Data records:
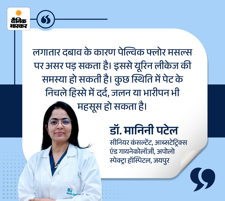 - इससे पेल्विक फ्लोर मसल्स कमजोर पड़ती हैं जो ब्लैडर और यूरेथ्रा (यूरिन बाहर निकलने का रास्ता) को सपोर्ट करती हैं।
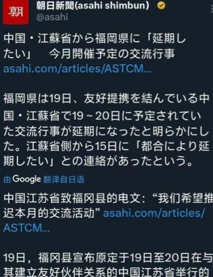 中日之间已经没有“友好”关系了?日本福冈县宣布,中国江苏省向日本福冈县通报,由于不可预见的原因,推迟原定于11月19日至11月20在江苏省举办的交流活动。 说白了,这次江苏推迟和日本福冈的交流活动,根本不是什么“不可预见的原因”,就是双方那层虚伪的“友好”窗户纸,又被戳破了一个窟窿,大家都心照不宣,却还要装模作样找个借口罢了。 可能有人会说,不就是一场交流活动推迟吗,至于这么过度解读?但其实只要稍微关注一下最近的动态就知道,这根本不是个例。 最近这段时间,中日之间的各类交流活动,简直就跟闹着玩一样,取消的取消,推迟的推迟,一场接着一场,从来没断过。 就说江苏和福冈这场,很多人不知道,江苏和福冈其实是友好省县,平时往来不算少,这次推迟的交流活动,原本是江苏在今年9月份就发出了邀请,除了福冈县,日本的爱知县和石川县也收到了邀请。 福冈县甚至都已经安排好了政府职员,准备前往江苏泰州市,参加这场以创新和医疗健康为主题的交流活动,结果临到跟前,还是被推迟了,至于后续什么时候能重新举办,目前也没有任何明确的消息。 除了这场,江苏徐州原本计划派代表团前往日本爱知县半田市访问,要知道徐州和半田市早在1993年就结为了友好城市,这次访问也算是常规的友好往来。 徐州方面原本安排了6名相关人士,计划在11月18日礼节性拜访半田市市长久世孝宏,还会参观当地的农业设施等。 但半田市在11月15日就收到了徐州方面的邮件通知,说访问要取消,邮件里只提了“有重要公务”,没说其他多余的话,新的访问日期也没确定。 不光是中方取消访问,南昌也推迟了日本高松市访问团的行程,高松市原本计划派遣官方访问团前往江西南昌,开展相关交流活动。 但南昌方面主动联络高松市,说明按照目前两国的情况,就算交流活动如期举行,也没办法取得充分的成效,所以只能推迟,具体推迟到什么时候,也没有给出明确答复。 更让人关注的是,就连在广岛举办的日中友好纪念活动,也被紧急叫停了。这场活动原本定在11月21日举行,初衷是为了拉近中日两国民众的距离,筹备了不短的时间。 参与方涵盖了地方政府、友好协会和文化团体,原本还计划通过文化演出、互动交流等形式,增进彼此的了解。 但在11月17日,中国驻大阪总领事馆正式通知日方相关人士,决定叫停这场活动,给出的原因是担心安保问题。 据悉,叫停这场活动的背后,是因为中国驻大阪总领事薛剑此前在社交媒体上批评了日本首相高市早苗的涉华错误言论,这引发了日本自民党和极右翼势力的不满。 甚至有人在网上发布带有威胁性质的言论,点名针对薛剑总领事,语言激烈,还出现了人身威胁的字眼,出于对参与人员安全的考虑,这场原本承载着“友好”意义的活动,最终只能仓促叫停。 除此之外,还有不少中日交流活动受到影响,比如原定于11月下旬在北京举办的“东京-北京论坛”宣布延期,日本贸易振兴机构参与的24场在华活动被取消。 日本山口县下关市市长前田晋太郎等人,原定11月18日到20日赴中国出差,计划出席在苏州举行的下关港苏州研讨会,最终也临时取消了行程。 这些接二连三的取消和推迟,不是偶然,也不是所谓的“不可预见”,更不是某一方单方面的决定,而是双方之间的氛围,早就不适合再硬着头皮演“友好”了。 一场场交流活动的变动,就像是一个个信号,无声地传递着当下中日关系的状态,没有激烈的争执,没有公开的指责,却用最实际的行动,打破了那层虚伪的“友好”假象。 其实不管是地方层面的交流,还是民间的互动,想要顺利开展,前提都是双方彼此尊重、互相信任,一旦这份信任不存在了,再多的“友好”口号,再多的筹备工作,最终也只能沦为泡影。 最近这些交流活动的变动,不过是这种状态的真实体现而已,大家不用过度解读,也不用刻意回避,这就是当下最真实的情况。
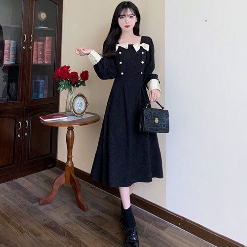 ワンピース レディース 夏 秋 半袖 長袖 きれいめ ロング 可愛い かわいい 膝丈 ひざ丈 20代 30代 40代 マキシ タイト レトロ モダン 白 黒 RB-R4-09-TA-SA-038
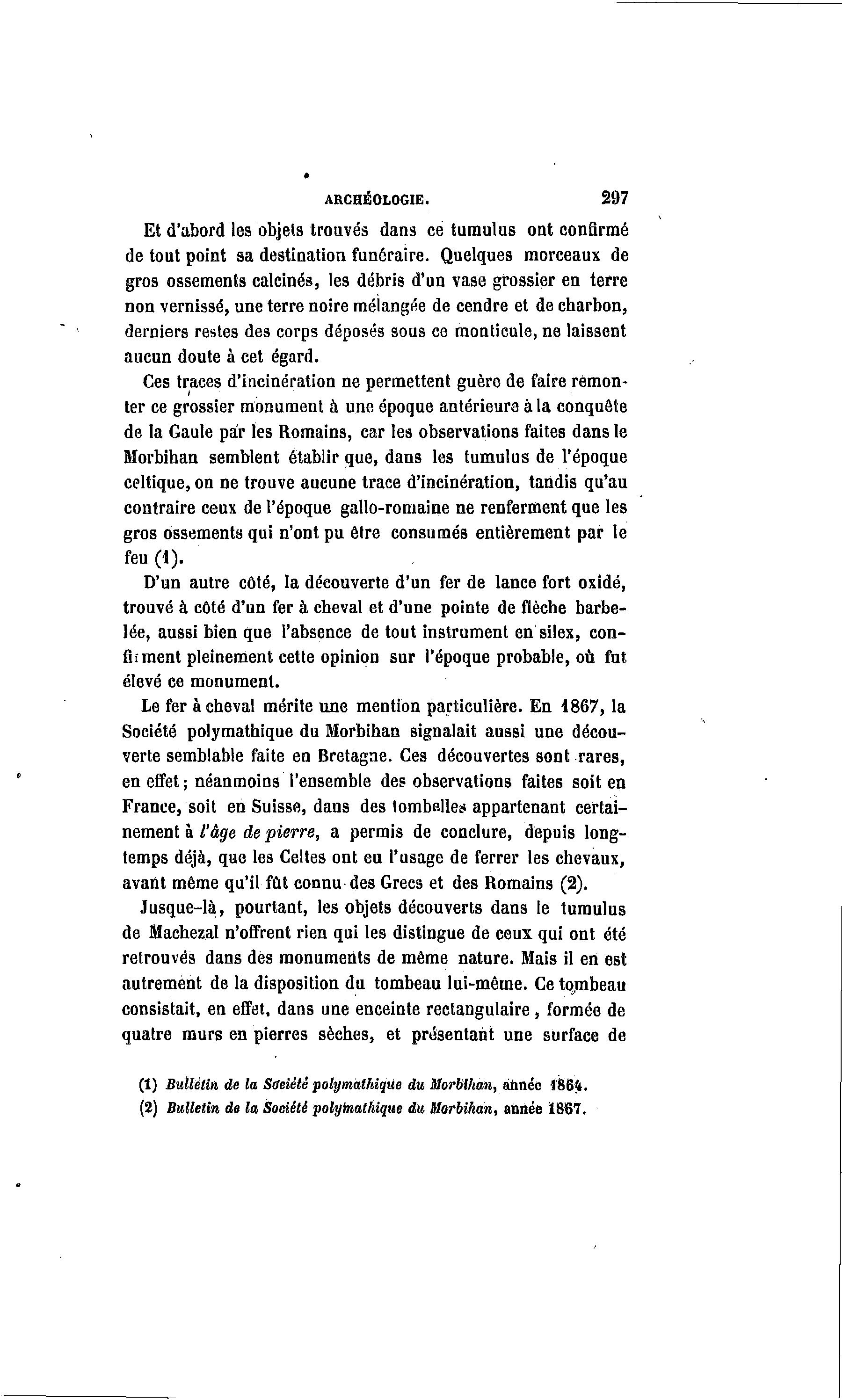 ARCHÉOLOGIE. 297 Et d'abord les objets trouvés dans ce tumulus ont confirmé de tout point sa destination funéraire. Quelques morceaux de gros ossements calcinés, les débris d'un vase grossier en terre non vernissé, une terre noire mélangée de cendre et de charbon, derniers restes des corps déposés sous ce monticule, ne laissent aucun doute à cet égard. Ces traces d'incinération ne permettent guère de faire rémon- ter ce grossier monument à une époque antérieure à la conquête de la Gaule par les Romains, car les observations faites dans le Morbihan semblent établir que, dans les tumulus de l'époque celtique, on ne trouve aucune trace d'incinération, tandis qu'au contraire ceux de l'époque gallo-romaine ne renferment que les gros ossements qui n'ont pu être consumés entièrement par le feu (1). D'un autre côté, la découverte d'un fer de lance fort oxidé, trouvé à côté d'un fer à cheval et d'une pointe de flèche barbe- lée, aussi bien que l'absence de tout instrument en silex, con- fis ment pleinement cette opinion sur l'époque probable, où fut élevé ce monument. Le fer achevai mérite une mention particulière. En 4867, la Société polymathique du Morbihan signalait aussi une décou- verte semblable faite en Bretagne. Ces découvertes sont rares, en effet ; néanmoins l'ensemble des observations faites soit en France, soit en Suisse, dans des tombelles appartenant certai- nement à l'âge de pierre, a permis de conclure, depuis long- temps déjà , que les Celtes ont eu l'usage de ferrer les chevaux, avant même qu'il fût connu des Grecs et des Romains (2). Jusque-là , pourtant, les objets découverts dans le tumulus de Machezal n'offrent rien qui les distingue de ceux qui ont été retrouvés dans dès monuments de même nature. Mais il en est autrement de la disposition du tombeau lui-même. Ce tombeau consistait, en effet, dans une enceinte rectangulaire , formée de quatre murs en pierres sèches, et présentant une surface de (1) Bulletin de la StJeiêtê potymà thiqUe du Morbihan, année 1864. (2) Bulletin de la Société polymathique du Morbihan, année 1867.
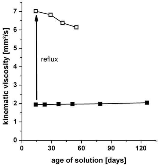 The long-term stability of MgF2 sols is crucial for the coating process. Nanoparticles, after sol–gel synthesis, tend toward gelation or agglomeration. To control the stability, the change of viscosity of the sols over a time of 120 days was measured (Figure 2). Only a minimal increase (0.01 mm2·s−1) over this time was observed, meaning these sols are very stable. After the thermal treatment, the viscosity was significantly higher. It seems that the sol system may be altered by introduction of thermal energy.
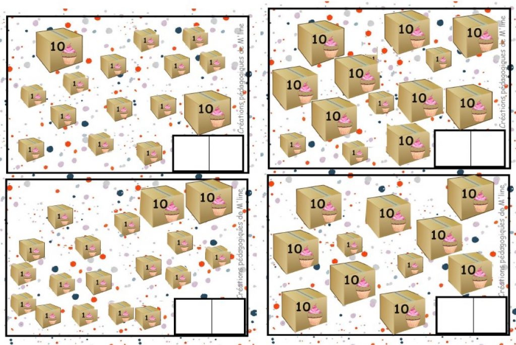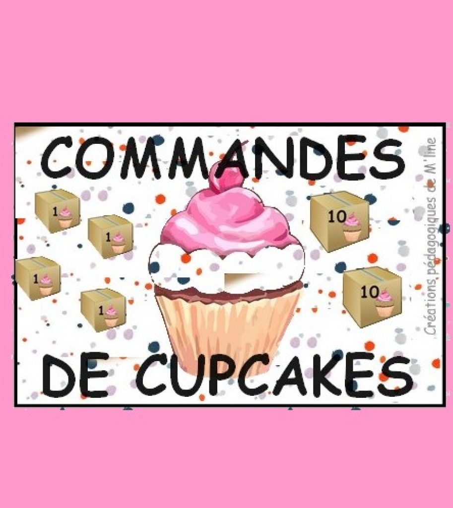 Version CP-début CE1 de La commande de croissants. Il s’agit pour els élèves d’utiliser leurs connaissances en numération pour calculer le nombre de cupcakes commandés.
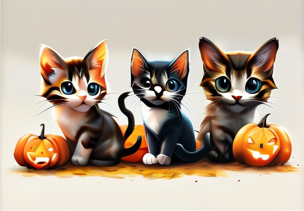 - **场景适配方案**:电商促销海报适合「猫咪捧南瓜灯」基础模板,教育机构可选用「猫头鹰与南瓜」知性风变体
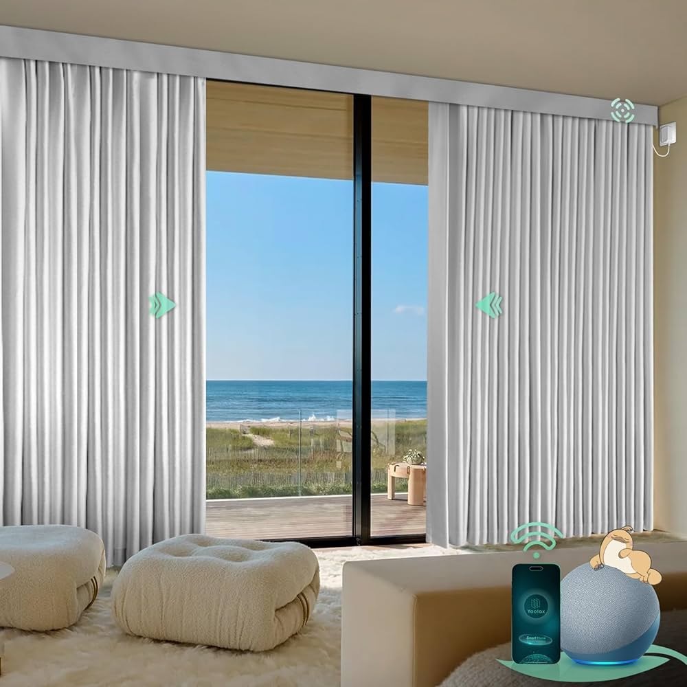The graphics indicate they are smart curtains, meaning they can be opened and closed using voice commands via a smart speaker or a smartphone app. This convenience makes them ideal for controlling light and mood in this bright, minimalist space.
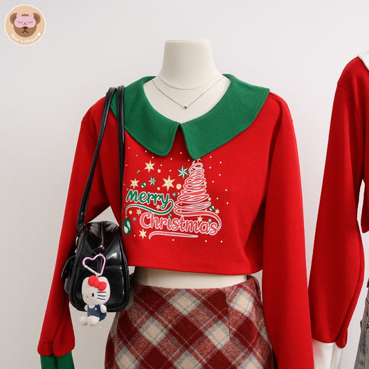 Merry Christmas Crop เสื้อครอปเเขนยาว คอบัว สกรีนลาย ผ้าวูลเวฟ ***ไม่รวมกระโปรง***

[WHAT YOU ARE ASKED TO DO] Give back every record exactly, dropping its pictures.

[TASK OUTPUT]
 - इससे पेल्विक फ्लोर मसल्स कमजोर पड़ती हैं जो ब्लैडर और यूरेथ्रा (यूरिन बाहर निकलने का रास्ता) को सपोर्ट करती हैं।
 中日之间已经没有“友好”关系了?日本福冈县宣布,中国江苏省向日本福冈县通报,由于不可预见的原因,推迟原定于11月19日至11月20在江苏省举办的交流活动。 说白了,这次江苏推迟和日本福冈的交流活动,根本不是什么“不可预见的原因”,就是双方那层虚伪的“友好”窗户纸,又被戳破了一个窟窿,大家都心照不宣,却还要装模作样找个借口罢了。 可能有人会说,不就是一场交流活动推迟吗,至于这么过度解读?但其实只要稍微关注一下最近的动态就知道,这根本不是个例。 最近这段时间,中日之间的各类交流活动,简直就跟闹着玩一样,取消的取消,推迟的推迟,一场接着一场,从来没断过。 就说江苏和福冈这场,很多人不知道,江苏和福冈其实是友好省县,平时往来不算少,这次推迟的交流活动,原本是江苏在今年9月份就发出了邀请,除了福冈县,日本的爱知县和石川县也收到了邀请。 福冈县甚至都已经安排好了政府职员,准备前往江苏泰州市,参加这场以创新和医疗健康为主题的交流活动,结果临到跟前,还是被推迟了,至于后续什么时候能重新举办,目前也没有任何明确的消息。 除了这场,江苏徐州原本计划派代表团前往日本爱知县半田市访问,要知道徐州和半田市早在1993年就结为了友好城市,这次访问也算是常规的友好往来。 徐州方面原本安排了6名相关人士,计划在11月18日礼节性拜访半田市市长久世孝宏,还会参观当地的农业设施等。 但半田市在11月15日就收到了徐州方面的邮件通知,说访问要取消,邮件里只提了“有重要公务”,没说其他多余的话,新的访问日期也没确定。 不光是中方取消访问,南昌也推迟了日本高松市访问团的行程,高松市原本计划派遣官方访问团前往江西南昌,开展相关交流活动。 但南昌方面主动联络高松市,说明按照目前两国的情况,就算交流活动如期举行,也没办法取得充分的成效,所以只能推迟,具体推迟到什么时候,也没有给出明确答复。 更让人关注的是,就连在广岛举办的日中友好纪念活动,也被紧急叫停了。这场活动原本定在11月21日举行,初衷是为了拉近中日两国民众的距离,筹备了不短的时间。 参与方涵盖了地方政府、友好协会和文化团体,原本还计划通过文化演出、互动交流等形式,增进彼此的了解。 但在11月17日,中国驻大阪总领事馆正式通知日方相关人士,决定叫停这场活动,给出的原因是担心安保问题。 据悉,叫停这场活动的背后,是因为中国驻大阪总领事薛剑此前在社交媒体上批评了日本首相高市早苗的涉华错误言论,这引发了日本自民党和极右翼势力的不满。 甚至有人在网上发布带有威胁性质的言论,点名针对薛剑总领事,语言激烈,还出现了人身威胁的字眼,出于对参与人员安全的考虑,这场原本承载着“友好”意义的活动,最终只能仓促叫停。 除此之外,还有不少中日交流活动受到影响,比如原定于11月下旬在北京举办的“东京-北京论坛”宣布延期,日本贸易振兴机构参与的24场在华活动被取消。 日本山口县下关市市长前田晋太郎等人,原定11月18日到20日赴中国出差,计划出席在苏州举行的下关港苏州研讨会,最终也临时取消了行程。 这些接二连三的取消和推迟,不是偶然,也不是所谓的“不可预见”,更不是某一方单方面的决定,而是双方之间的氛围,早就不适合再硬着头皮演“友好”了。 一场场交流活动的变动,就像是一个个信号,无声地传递着当下中日关系的状态,没有激烈的争执,没有公开的指责,却用最实际的行动,打破了那层虚伪的“友好”假象。 其实不管是地方层面的交流,还是民间的互动,想要顺利开展,前提都是双方彼此尊重、互相信任,一旦这份信任不存在了,再多的“友好”口号,再多的筹备工作,最终也只能沦为泡影。 最近这些交流活动的变动,不过是这种状态的真实体现而已,大家不用过度解读,也不用刻意回避,这就是当下最真实的情况。
 ワンピース レディース 夏 秋 半袖 長袖 きれいめ ロング 可愛い かわいい 膝丈 ひざ丈 20代 30代 40代 マキシ タイト レトロ モダン 白 黒 RB-R4-09-TA-SA-038
 ARCHÉOLOGIE. 297 Et d'abord les objets trouvés dans ce tumulus ont confirmé de tout point sa destination funéraire. Quelques morceaux de gros ossements calcinés, les débris d'un vase grossier en terre non vernissé, une terre noire mélangée de cendre et de charbon, derniers restes des corps déposés sous ce monticule, ne laissent aucun doute à cet égard. Ces traces d'incinération ne permettent guère de faire rémon- ter ce grossier monument à une époque antérieure à la conquête de la Gaule par les Romains, car les observations faites dans le Morbihan semblent établir que, dans les tumulus de l'époque celtique, on ne trouve aucune trace d'incinération, tandis qu'au contraire ceux de l'époque gallo-romaine ne renferment que les gros ossements qui n'ont pu être consumés entièrement par le feu (1). D'un autre côté, la découverte d'un fer de lance fort oxidé, trouvé à côté d'un fer à cheval et d'une pointe de flèche barbe- lée, aussi bien que l'absence de tout instrument en silex, con- fis ment pleinement cette opinion sur l'époque probable, où fut élevé ce monument. Le fer achevai mérite une mention particulière. En 4867, la Société polymathique du Morbihan signalait aussi une décou- verte semblable faite en Bretagne. Ces découvertes sont rares, en effet ; néanmoins l'ensemble des observations faites soit en France, soit en Suisse, dans des tombelles appartenant certai- nement à l'âge de pierre, a permis de conclure, depuis long- temps déjà , que les Celtes ont eu l'usage de ferrer les chevaux, avant même qu'il fût connu des Grecs et des Romains (2). Jusque-là , pourtant, les objets découverts dans le tumulus de Machezal n'offrent rien qui les distingue de ceux qui ont été retrouvés dans dès monuments de même nature. Mais il en est autrement de la disposition du tombeau lui-même. Ce tombeau consistait, en effet, dans une enceinte rectangulaire , formée de quatre murs en pierres sèches, et présentant une surface de (1) Bulletin de la StJeiêtê potymà thiqUe du Morbihan, année 1864. (2) Bulletin de la Société polymathique du Morbihan, année 1867.
 The long-term stability of MgF2 sols is crucial for the coating process. Nanoparticles, after sol–gel synthesis, tend toward gelation or agglomeration. To control the stability, the change of viscosity of the sols over a time of 120 days was measured (Figure 2). Only a minimal increase (0.01 mm2·s−1) over this time was observed, meaning these sols are very stable. After the thermal treatment, the viscosity was significantly higher. It seems that the sol system may be altered by introduction of thermal energy.
 Version CP-début CE1 de La commande de croissants. Il s’agit pour els élèves d’utiliser leurs connaissances en numération pour calculer le nombre de cupcakes commandés.
 - **场景适配方案**:电商促销海报适合「猫咪捧南瓜灯」基础模板,教育机构可选用「猫头鹰与南瓜」知性风变体
The graphics indicate they are smart curtains, meaning they can be opened and closed using voice commands via a smart speaker or a smartphone app. This convenience makes them ideal for controlling light and mood in this bright, minimalist space.
 Merry Christmas Crop เสื้อครอปเเขนยาว คอบัว สกรีนลาย ผ้าวูลเวฟ ***ไม่รวมกระโปรง***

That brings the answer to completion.